Source: JOM Published:2023


Abstract

“Lc” as a compulsory length of halloysite nanotubes (HNTs) that leads to efficient load transfer through the interphase zone is correlated to the interphase characteristics according to the predictions made by linking the Pukanszky model and the proposed model for determining the strength of nanocomposites. The proposed model assumes effective levels of interphase depth and filler concentration. The predictabilities of the model are demonstrated by comparing the prediction results to experimental data, and it is found that the effects of all factors on “Lc” and nanocomposite strength are justified. The maximum value of “Lc” is 1504 nm in the absence of the interphase zone, but “Lc” decreases to 1378 nm when the interphase depth is 20 nm. Similarly, the maximum value of “Lc” is 1520 nm when the interphase strength is 100 MPa, but it decreases to 1405 nm when the interphase strength is 1000 MPa.
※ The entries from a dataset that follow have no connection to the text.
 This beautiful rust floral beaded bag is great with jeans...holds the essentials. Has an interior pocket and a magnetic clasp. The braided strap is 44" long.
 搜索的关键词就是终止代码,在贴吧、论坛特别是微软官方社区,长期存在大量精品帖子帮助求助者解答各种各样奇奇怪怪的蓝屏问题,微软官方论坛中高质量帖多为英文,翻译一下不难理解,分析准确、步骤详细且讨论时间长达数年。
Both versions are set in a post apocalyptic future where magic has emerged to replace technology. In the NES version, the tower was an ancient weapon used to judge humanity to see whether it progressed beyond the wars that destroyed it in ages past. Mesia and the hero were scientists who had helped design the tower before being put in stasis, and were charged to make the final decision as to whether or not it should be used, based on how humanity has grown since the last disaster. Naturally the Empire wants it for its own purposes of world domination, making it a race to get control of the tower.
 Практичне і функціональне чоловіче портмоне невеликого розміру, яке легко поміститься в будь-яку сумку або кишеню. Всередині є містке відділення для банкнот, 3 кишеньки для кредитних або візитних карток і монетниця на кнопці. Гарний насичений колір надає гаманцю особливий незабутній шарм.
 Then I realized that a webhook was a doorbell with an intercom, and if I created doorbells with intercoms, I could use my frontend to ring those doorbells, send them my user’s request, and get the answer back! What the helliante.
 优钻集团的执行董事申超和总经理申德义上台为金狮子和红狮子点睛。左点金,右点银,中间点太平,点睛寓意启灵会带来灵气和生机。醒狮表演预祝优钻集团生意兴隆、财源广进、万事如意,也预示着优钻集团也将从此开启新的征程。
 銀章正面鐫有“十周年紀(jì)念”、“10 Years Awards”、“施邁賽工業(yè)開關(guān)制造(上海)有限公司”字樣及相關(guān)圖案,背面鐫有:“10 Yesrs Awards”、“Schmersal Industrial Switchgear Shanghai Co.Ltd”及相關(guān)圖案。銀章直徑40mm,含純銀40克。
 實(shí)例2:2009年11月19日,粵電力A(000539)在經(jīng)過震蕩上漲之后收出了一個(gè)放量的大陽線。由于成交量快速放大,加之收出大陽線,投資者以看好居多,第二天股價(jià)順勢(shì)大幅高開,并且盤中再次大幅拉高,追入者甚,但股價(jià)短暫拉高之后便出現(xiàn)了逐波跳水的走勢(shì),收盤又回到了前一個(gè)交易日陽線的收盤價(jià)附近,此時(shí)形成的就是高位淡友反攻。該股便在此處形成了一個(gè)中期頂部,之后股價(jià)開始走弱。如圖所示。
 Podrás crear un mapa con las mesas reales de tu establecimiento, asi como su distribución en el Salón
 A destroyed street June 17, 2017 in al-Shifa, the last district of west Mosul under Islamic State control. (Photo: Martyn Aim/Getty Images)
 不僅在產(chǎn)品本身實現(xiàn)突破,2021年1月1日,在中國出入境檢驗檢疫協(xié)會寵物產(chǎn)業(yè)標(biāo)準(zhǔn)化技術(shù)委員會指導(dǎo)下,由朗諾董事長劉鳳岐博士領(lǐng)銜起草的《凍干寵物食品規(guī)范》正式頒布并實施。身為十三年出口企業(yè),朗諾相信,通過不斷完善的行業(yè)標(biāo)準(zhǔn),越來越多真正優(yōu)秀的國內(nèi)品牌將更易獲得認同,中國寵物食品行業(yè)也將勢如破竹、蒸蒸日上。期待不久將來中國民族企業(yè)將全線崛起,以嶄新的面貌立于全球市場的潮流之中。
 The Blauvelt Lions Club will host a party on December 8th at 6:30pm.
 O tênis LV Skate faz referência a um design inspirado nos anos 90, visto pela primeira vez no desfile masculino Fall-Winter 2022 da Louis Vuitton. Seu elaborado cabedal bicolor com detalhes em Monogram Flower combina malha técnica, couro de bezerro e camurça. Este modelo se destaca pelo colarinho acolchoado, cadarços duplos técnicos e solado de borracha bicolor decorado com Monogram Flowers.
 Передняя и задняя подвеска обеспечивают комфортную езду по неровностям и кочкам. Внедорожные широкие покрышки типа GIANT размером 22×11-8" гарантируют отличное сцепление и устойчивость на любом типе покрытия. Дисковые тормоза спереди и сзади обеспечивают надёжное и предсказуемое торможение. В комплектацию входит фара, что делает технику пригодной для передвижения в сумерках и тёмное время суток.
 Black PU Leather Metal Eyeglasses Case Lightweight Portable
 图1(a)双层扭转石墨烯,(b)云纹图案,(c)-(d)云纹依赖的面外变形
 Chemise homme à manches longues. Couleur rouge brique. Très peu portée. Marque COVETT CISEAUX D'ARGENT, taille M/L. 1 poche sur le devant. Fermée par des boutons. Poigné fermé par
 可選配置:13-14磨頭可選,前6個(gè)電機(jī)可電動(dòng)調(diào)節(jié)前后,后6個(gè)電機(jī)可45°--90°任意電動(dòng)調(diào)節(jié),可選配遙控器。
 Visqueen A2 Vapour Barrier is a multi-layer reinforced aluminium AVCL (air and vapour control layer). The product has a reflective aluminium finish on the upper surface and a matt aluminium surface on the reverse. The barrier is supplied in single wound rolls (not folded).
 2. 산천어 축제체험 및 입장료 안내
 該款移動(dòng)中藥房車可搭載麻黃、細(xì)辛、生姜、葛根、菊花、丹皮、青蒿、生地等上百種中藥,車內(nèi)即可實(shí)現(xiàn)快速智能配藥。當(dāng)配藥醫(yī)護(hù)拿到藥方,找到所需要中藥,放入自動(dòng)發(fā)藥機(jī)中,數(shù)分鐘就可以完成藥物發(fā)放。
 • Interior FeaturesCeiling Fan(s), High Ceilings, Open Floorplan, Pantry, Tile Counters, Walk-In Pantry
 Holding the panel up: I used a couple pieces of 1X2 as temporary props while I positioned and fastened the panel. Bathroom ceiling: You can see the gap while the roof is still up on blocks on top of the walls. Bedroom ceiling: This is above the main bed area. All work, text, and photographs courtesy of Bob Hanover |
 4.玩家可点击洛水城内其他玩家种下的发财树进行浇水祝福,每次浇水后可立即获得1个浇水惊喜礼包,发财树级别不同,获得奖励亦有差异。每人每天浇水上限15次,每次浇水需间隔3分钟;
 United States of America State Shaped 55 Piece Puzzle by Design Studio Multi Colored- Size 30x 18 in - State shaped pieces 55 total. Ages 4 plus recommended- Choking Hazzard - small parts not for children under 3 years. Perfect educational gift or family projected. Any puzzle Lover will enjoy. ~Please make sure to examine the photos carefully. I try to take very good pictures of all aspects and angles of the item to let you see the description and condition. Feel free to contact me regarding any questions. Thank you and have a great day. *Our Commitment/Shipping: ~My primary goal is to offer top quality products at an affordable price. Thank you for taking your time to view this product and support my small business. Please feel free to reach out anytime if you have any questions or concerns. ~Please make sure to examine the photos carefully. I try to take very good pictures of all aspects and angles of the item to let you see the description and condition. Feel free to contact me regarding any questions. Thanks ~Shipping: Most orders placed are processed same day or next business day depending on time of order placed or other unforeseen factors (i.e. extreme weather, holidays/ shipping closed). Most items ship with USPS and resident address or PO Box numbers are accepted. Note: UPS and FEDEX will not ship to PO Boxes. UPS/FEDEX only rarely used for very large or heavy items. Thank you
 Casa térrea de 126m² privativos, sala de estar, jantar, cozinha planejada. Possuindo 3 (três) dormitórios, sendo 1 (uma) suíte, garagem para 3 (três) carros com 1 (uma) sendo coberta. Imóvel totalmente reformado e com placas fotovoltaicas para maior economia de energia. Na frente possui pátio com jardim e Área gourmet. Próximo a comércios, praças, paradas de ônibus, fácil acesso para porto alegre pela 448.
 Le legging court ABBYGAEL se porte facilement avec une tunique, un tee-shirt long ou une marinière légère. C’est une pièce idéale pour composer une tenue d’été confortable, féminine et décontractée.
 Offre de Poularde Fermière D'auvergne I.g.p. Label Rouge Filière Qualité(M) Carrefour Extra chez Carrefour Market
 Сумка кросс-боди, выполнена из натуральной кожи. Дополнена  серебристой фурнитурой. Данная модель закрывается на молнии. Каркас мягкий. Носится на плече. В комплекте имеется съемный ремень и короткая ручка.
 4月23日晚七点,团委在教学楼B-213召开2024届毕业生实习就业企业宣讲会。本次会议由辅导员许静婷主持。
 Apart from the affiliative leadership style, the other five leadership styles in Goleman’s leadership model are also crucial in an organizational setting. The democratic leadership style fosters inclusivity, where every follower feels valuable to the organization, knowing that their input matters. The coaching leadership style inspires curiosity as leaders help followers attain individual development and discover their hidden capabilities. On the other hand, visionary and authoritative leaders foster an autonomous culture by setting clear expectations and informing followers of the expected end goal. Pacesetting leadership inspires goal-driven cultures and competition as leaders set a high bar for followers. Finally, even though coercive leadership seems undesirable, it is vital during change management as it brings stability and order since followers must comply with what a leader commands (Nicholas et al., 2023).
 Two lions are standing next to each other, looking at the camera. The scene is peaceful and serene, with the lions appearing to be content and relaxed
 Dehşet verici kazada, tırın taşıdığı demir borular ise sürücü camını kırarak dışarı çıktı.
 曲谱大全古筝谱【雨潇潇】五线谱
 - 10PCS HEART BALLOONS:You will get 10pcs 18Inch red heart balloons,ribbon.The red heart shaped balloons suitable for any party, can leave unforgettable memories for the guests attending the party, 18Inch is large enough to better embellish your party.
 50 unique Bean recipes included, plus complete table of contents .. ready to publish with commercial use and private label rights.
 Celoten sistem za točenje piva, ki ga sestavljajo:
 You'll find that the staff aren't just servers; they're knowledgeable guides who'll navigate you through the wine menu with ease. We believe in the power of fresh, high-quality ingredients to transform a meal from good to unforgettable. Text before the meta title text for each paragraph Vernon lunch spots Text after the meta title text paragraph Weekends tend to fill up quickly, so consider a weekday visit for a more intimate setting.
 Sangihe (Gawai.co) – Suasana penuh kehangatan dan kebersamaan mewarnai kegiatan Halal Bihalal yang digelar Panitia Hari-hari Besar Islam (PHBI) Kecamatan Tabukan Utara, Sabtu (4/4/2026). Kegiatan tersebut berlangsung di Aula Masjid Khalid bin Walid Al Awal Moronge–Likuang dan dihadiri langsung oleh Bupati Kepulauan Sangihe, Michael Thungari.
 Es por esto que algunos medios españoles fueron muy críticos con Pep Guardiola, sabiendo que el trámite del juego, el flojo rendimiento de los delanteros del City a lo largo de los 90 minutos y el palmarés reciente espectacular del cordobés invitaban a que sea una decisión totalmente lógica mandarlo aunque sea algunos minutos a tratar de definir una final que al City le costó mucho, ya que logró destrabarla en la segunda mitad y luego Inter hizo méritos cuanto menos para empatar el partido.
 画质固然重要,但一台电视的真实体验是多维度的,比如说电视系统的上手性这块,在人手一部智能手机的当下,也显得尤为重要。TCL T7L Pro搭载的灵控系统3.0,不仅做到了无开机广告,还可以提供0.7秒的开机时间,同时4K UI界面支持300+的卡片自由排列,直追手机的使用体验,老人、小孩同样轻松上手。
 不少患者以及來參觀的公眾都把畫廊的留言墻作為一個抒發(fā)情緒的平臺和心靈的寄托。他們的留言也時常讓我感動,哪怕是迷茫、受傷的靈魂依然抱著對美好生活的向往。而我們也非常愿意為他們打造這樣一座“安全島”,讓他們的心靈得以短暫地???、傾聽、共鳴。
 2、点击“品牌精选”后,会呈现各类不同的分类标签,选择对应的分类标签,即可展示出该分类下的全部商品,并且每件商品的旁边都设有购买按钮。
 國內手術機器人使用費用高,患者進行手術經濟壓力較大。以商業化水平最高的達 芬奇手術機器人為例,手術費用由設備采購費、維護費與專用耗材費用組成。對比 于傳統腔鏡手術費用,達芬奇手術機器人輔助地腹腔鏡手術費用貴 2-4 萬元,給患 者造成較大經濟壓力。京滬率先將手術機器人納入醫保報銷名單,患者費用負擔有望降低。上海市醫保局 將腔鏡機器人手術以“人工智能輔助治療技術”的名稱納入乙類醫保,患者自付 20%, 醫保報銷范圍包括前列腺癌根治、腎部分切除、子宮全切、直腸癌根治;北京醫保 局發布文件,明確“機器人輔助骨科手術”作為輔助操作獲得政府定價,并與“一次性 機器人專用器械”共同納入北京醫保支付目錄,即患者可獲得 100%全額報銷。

Hence, the interphase depth and strength adversely affect the value of “Lc.” The interphase depth of 20 nm substantially increases the system strength by 40%. Moreover, the composite strength improves by 21% when the interphase strength is 1000 MPa. Therefore, the interphase depth and strength directly govern the strength of nanocomposites. © 2022, The Minerals, Metals & Materials Society.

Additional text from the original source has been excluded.